▶ [Exercise data]
==================================================
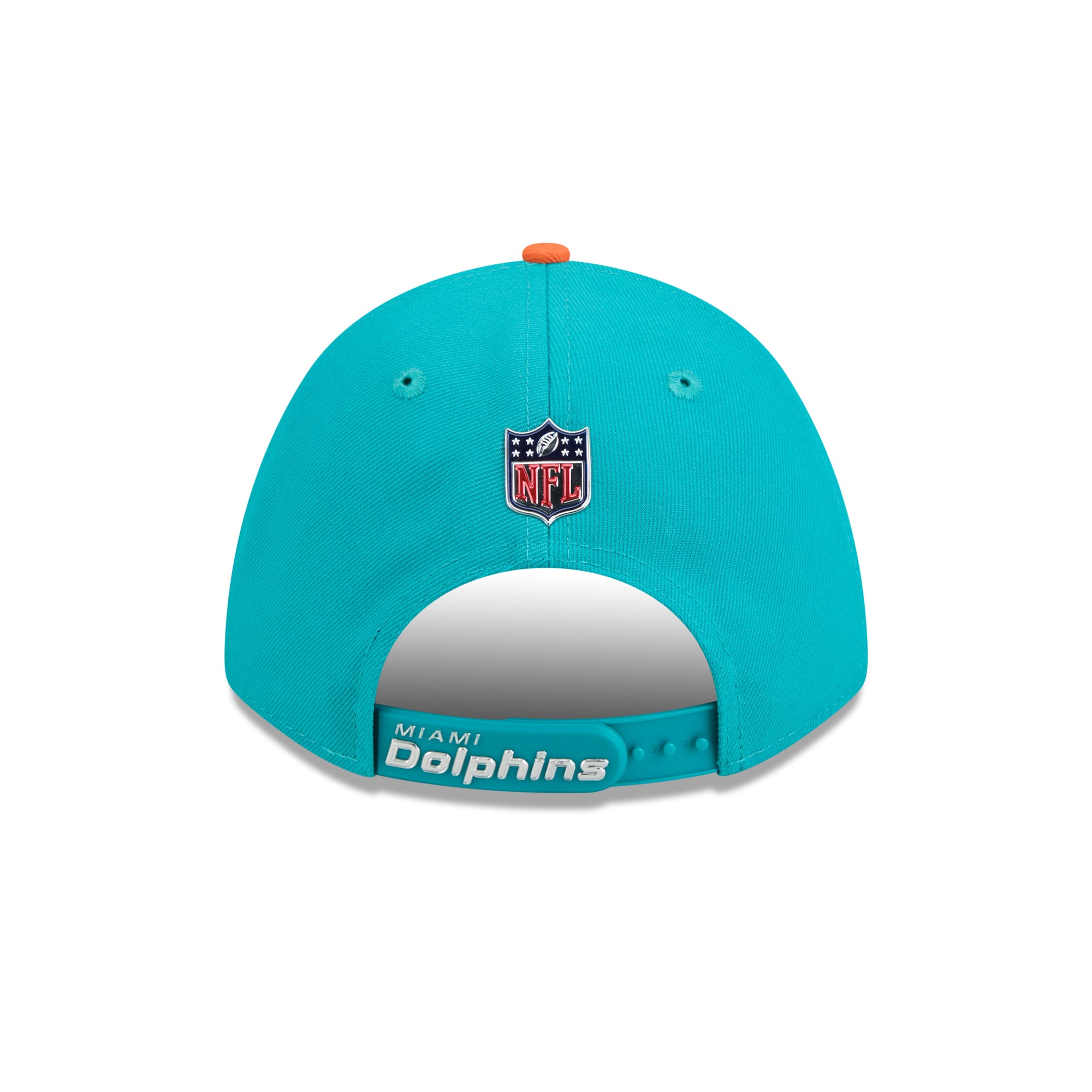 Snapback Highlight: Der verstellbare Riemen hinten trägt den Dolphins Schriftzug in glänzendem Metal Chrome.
==================================================
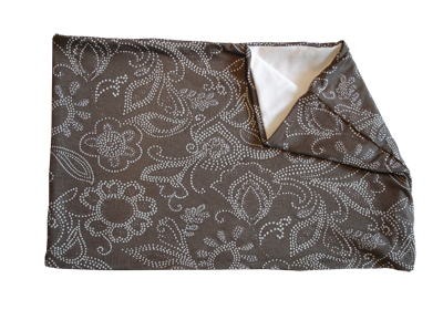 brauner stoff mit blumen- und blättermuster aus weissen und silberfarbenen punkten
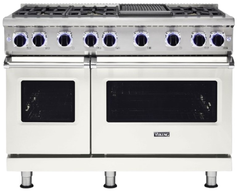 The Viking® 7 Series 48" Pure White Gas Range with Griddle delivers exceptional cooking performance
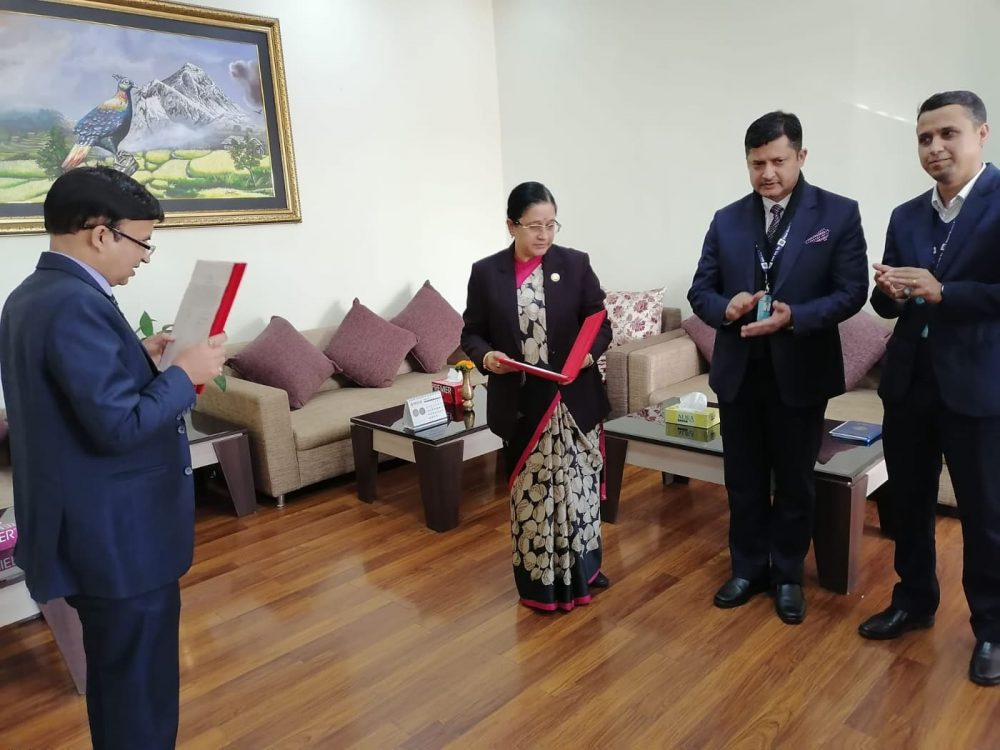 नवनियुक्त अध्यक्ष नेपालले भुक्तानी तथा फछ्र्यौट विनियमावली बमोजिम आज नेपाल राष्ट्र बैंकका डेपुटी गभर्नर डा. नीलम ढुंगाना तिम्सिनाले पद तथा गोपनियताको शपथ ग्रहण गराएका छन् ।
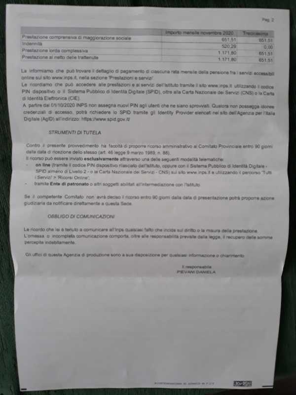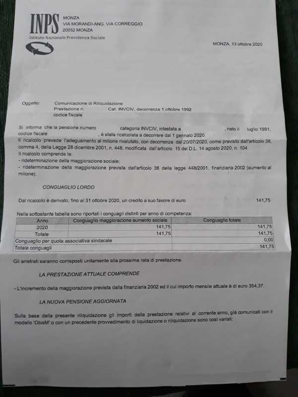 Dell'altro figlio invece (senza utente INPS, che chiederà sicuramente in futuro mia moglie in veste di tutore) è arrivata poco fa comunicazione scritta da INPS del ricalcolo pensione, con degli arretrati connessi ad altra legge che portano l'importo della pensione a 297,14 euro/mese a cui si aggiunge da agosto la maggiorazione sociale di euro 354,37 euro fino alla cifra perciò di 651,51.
==================================================
▶ [Exercise]
Above, find the line with "The Viking® 7"; copy it and every line down to the line with "नवनियुक्त अध्यक्ष नेपालले", exactly and both included, but no pictures.

▶ [Answer to the exercise]
 The Viking® 7 Series 48" Pure White Gas Range with Griddle delivers exceptional cooking performance
 नवनियुक्त अध्यक्ष नेपालले भुक्तानी तथा फछ्र्यौट विनियमावली बमोजिम आज नेपाल राष्ट्र बैंकका डेपुटी गभर्नर डा. नीलम ढुंगाना तिम्सिनाले पद तथा गोपनियताको शपथ ग्रहण गराएका छन् ।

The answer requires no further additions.